Sie nickte. »Inklusive mir. Cross mag Heldentum bewiesen haben, als er das Kommando über die DEFENDER übernahm und Tikara II vor diesem Piratenpack gerettet hat, aber er ist und bleibt ein Anfänger. Ihn nach 199 Tagen als Commander schon zum Captain zu befördern, war ein politischer Schnellschuss. Dieses Schiff ist eine Nummer zu groß für ihn.«

»Ich für meinen Teil halte ihn für genau den richtigen Mann auf der richtigen Position.«

»Und nur aufgrund meines Vertrauens in Ihr Urteil konnten Sie ihn durchsetzen. Aber seien Sie versichert, ich werde Cross im Auge behalten.« Mit diesen Worten stand Pendergast auf. »Und sollte er einen Fehler machen, nutzt ihm auch sein Orden nichts mehr. Verstehen Sie, was ich damit sagen will?«

»Absolut, Santana, absolut.«

»Dann ist es ja gut.« Mit einem Nicken wandte sie sich um und verließ seinen Raum.

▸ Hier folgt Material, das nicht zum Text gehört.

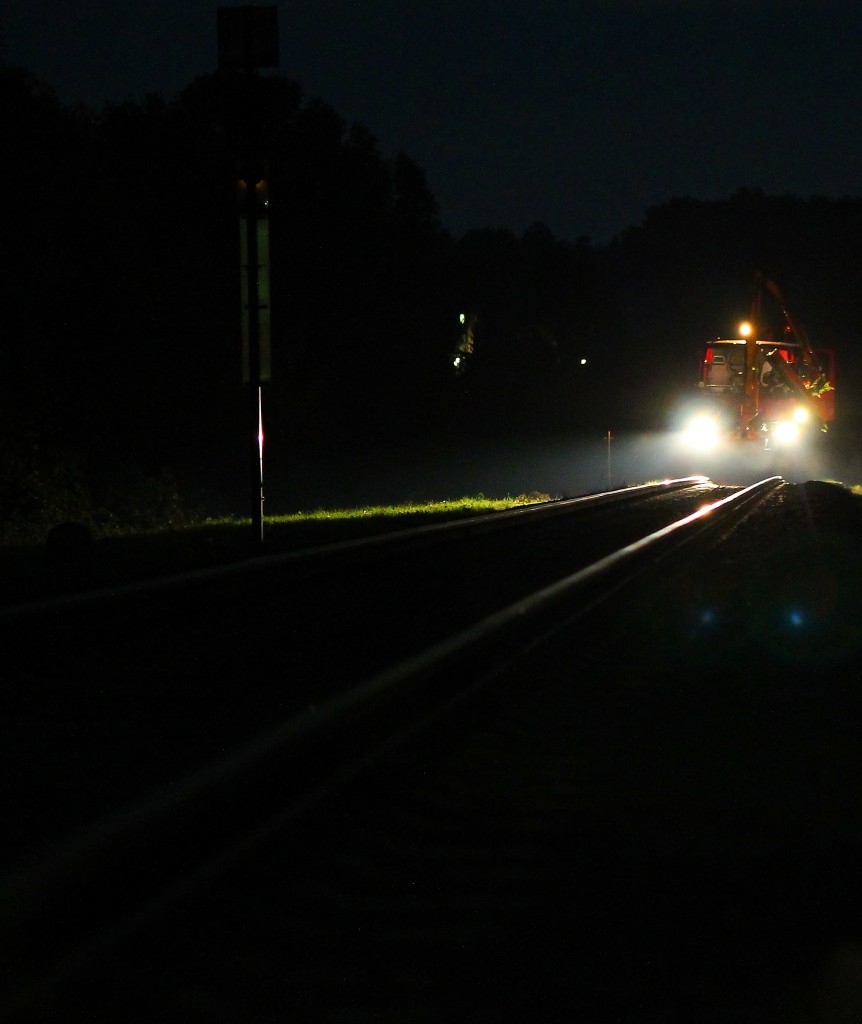 Erhgaltungsarbeiten werden bei der Graz Köflacher-Bahn groß geschrieben! Neben regelmäßigen Nachstopfarbeiten wird natürlich auch gemäht und 2*Jährlich Vegetationskontrollfahrten durchgeführt. In den letzten Tagen werden mit einem der 2Wege Unimog Freischneide Arbeiten durchgeführt. Wegen der Hohen Verkehrsdichte muss man diese natürlich Nachts durchführen. Hier zu sehen am Abend des 15.Oktober 2013 nächst der Halte und Ladestelle Schwanberg.

Björn aktivierte das Hologramm der HYPERION. Der Interlink-Kreuzer erschien als verkleinertes Abbild in einem Regen aus Pixeln nur wenige Zentimeter über seinem Schreibtisch. Es blieb zu hoffen, dass er Cross nicht überschätzte.

*

Interlink-Kreuzer HYPERION, Orbitalwerft Mars I, 01. November 2265

Jayden starrte mit offenem Mund auf den gewaltigen Körper der HYPERION. Sein Shuttle näherte sich der Orbitalwerft von oben, was ihm einen sensationellen Blick gestattete.

Das Schiff wirkte wie ein überdimensionales Schwert. Anstelle der Parierstange bildete jedoch ein abgeflachter Ring die Grenze zum Antriebssegment. Ein greifarmförmiges Gebilde ragte aus dem Ring hervor. Von ihm ausgehend hielten gerichtete Gravstrahlen den Phasenring in Position, über den der überlichtschnelle Funk und die gerichteten Laserübertragungen liefen.

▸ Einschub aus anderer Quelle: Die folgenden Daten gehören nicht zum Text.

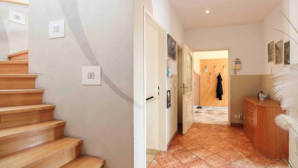 Das Haus bietet fünf helle Zimmer, ein hell gefliestes Hauptbad mit Dusche und Badewanne, eine Einbauküche mit Abstellkammer sowie eine praktische Gästetoilette im Erdgeschoss.

Mit insgesamt 300 Metern Länge war der Interlink-Kreuzer genauso lang wie ein Schlachtkreuzer, wenn auch deutlich schlanker. Insgesamt zwölf Decks durchzogen das Schiff, unterteilt in jeweils vier Sektionen. Die 420 Mann starke Besatzung unterteilte sich in Offiziere, Crewmen, ärztlichen Stab, Marines, die interne Sicherheit und Techniker.

Das Shuttle flog eine Kurve, um in den Hangar einzufliegen. Schon einige Minuten später – Jayden hätte die Aussicht gerne länger genossen – setzte der Pilot die Maschine sanft auf und gab ihm mit einem Nicken zu verstehen, dass er aussteigen konnte.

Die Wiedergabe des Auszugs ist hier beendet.